Work to be completed: Repeat all of the data below word for word, keeping no images.

Materials provided:

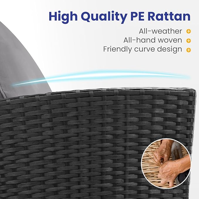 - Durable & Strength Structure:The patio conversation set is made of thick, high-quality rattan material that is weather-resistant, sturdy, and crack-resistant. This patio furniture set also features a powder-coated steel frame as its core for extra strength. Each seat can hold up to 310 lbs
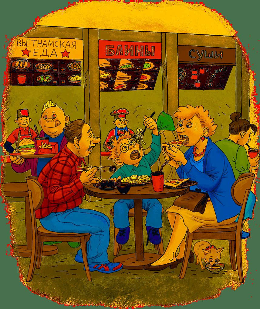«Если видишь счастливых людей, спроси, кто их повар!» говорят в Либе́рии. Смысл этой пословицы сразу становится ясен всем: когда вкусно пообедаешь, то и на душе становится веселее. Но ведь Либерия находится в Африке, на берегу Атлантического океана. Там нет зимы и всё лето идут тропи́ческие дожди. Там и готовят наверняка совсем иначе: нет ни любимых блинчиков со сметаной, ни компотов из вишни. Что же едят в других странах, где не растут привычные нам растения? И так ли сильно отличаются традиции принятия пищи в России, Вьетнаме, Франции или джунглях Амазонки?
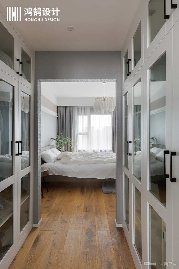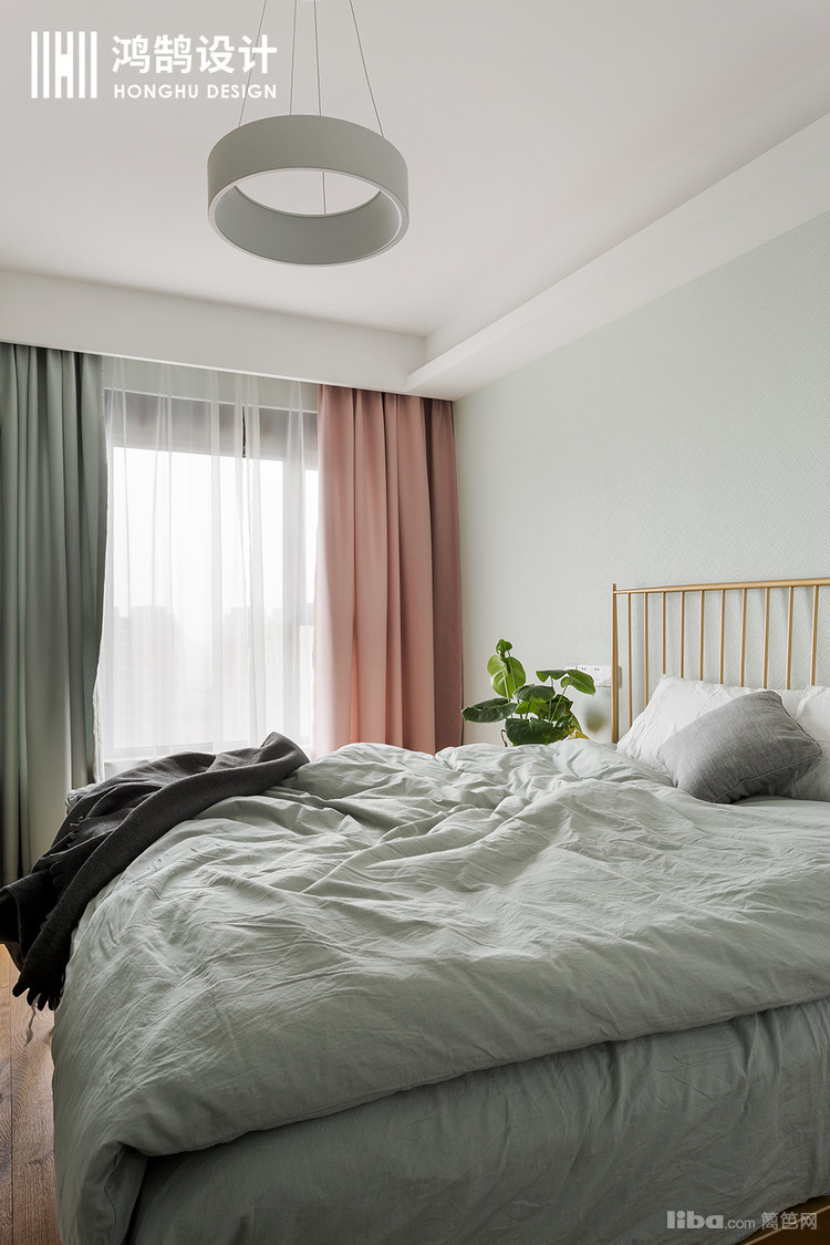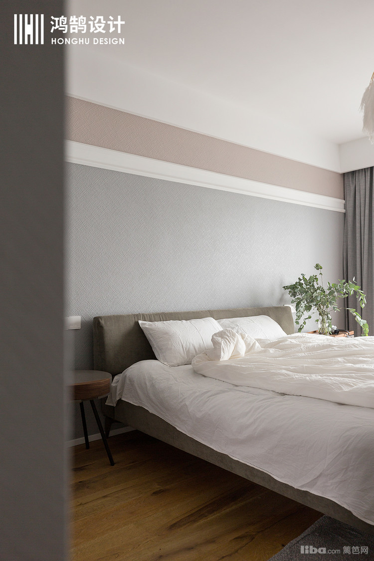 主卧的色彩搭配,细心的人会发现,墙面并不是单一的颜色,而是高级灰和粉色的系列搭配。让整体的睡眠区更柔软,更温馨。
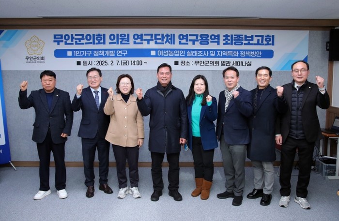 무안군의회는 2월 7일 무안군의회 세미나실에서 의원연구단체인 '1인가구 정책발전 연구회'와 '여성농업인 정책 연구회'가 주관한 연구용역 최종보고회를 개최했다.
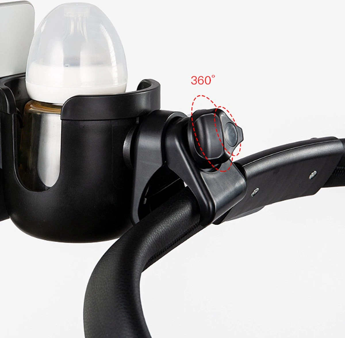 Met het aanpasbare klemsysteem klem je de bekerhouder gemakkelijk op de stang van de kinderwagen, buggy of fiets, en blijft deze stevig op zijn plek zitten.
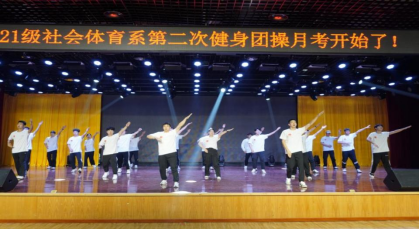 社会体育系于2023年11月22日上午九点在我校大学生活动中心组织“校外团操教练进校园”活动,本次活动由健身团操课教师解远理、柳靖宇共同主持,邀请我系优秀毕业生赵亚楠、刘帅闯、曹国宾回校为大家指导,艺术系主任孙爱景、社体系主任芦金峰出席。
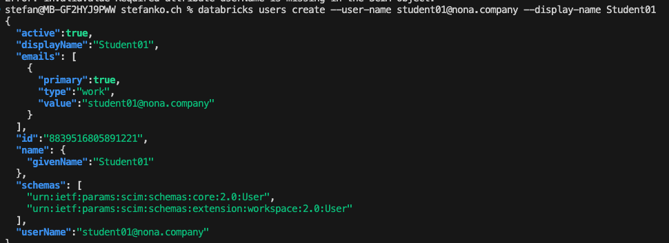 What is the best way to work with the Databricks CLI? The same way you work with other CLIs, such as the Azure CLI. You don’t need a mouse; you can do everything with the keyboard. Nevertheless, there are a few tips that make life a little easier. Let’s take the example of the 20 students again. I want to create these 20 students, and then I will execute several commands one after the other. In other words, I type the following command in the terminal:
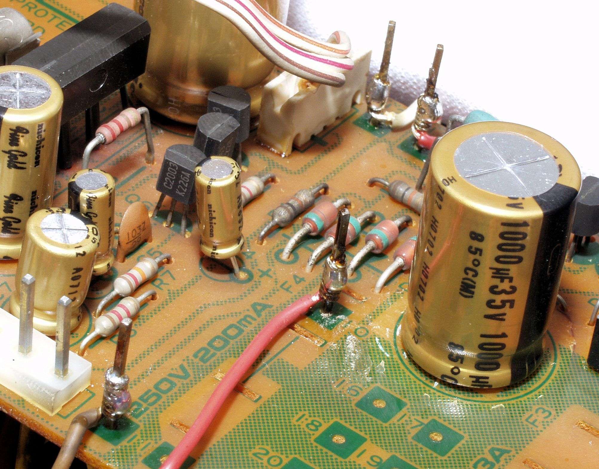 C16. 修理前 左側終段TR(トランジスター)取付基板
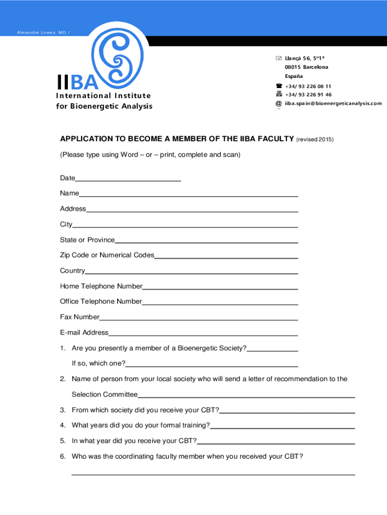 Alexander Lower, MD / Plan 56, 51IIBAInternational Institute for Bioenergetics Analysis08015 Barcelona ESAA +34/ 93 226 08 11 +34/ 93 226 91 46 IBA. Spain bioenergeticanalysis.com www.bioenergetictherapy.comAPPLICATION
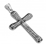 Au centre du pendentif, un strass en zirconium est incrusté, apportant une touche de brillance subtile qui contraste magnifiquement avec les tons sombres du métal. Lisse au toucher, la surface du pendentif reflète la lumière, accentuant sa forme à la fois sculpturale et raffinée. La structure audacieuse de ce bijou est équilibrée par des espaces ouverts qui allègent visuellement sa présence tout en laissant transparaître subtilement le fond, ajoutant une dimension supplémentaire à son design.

Response to this task:
 - Durable & Strength Structure:The patio conversation set is made of thick, high-quality rattan material that is weather-resistant, sturdy, and crack-resistant. This patio furniture set also features a powder-coated steel frame as its core for extra strength. Each seat can hold up to 310 lbs
«Если видишь счастливых людей, спроси, кто их повар!» говорят в Либе́рии. Смысл этой пословицы сразу становится ясен всем: когда вкусно пообедаешь, то и на душе становится веселее. Но ведь Либерия находится в Африке, на берегу Атлантического океана. Там нет зимы и всё лето идут тропи́ческие дожди. Там и готовят наверняка совсем иначе: нет ни любимых блинчиков со сметаной, ни компотов из вишни. Что же едят в других странах, где не растут привычные нам растения? И так ли сильно отличаются традиции принятия пищи в России, Вьетнаме, Франции или джунглях Амазонки?
 主卧的色彩搭配,细心的人会发现,墙面并不是单一的颜色,而是高级灰和粉色的系列搭配。让整体的睡眠区更柔软,更温馨。
 무안군의회는 2월 7일 무안군의회 세미나실에서 의원연구단체인 '1인가구 정책발전 연구회'와 '여성농업인 정책 연구회'가 주관한 연구용역 최종보고회를 개최했다.
 Met het aanpasbare klemsysteem klem je de bekerhouder gemakkelijk op de stang van de kinderwagen, buggy of fiets, en blijft deze stevig op zijn plek zitten.
 社会体育系于2023年11月22日上午九点在我校大学生活动中心组织“校外团操教练进校园”活动,本次活动由健身团操课教师解远理、柳靖宇共同主持,邀请我系优秀毕业生赵亚楠、刘帅闯、曹国宾回校为大家指导,艺术系主任孙爱景、社体系主任芦金峰出席。
 What is the best way to work with the Databricks CLI? The same way you work with other CLIs, such as the Azure CLI. You don’t need a mouse; you can do everything with the keyboard. Nevertheless, there are a few tips that make life a little easier. Let’s take the example of the 20 students again. I want to create these 20 students, and then I will execute several commands one after the other. In other words, I type the following command in the terminal:
 C16. 修理前 左側終段TR(トランジスター)取付基板
 Alexander Lower, MD / Plan 56, 51IIBAInternational Institute for Bioenergetics Analysis08015 Barcelona ESAA +34/ 93 226 08 11 +34/ 93 226 91 46 IBA. Spain bioenergeticanalysis.com www.bioenergetictherapy.comAPPLICATION
 Au centre du pendentif, un strass en zirconium est incrusté, apportant une touche de brillance subtile qui contraste magnifiquement avec les tons sombres du métal. Lisse au toucher, la surface du pendentif reflète la lumière, accentuant sa forme à la fois sculpturale et raffinée. La structure audacieuse de ce bijou est équilibrée par des espaces ouverts qui allègent visuellement sa présence tout en laissant transparaître subtilement le fond, ajoutant une dimension supplémentaire à son design.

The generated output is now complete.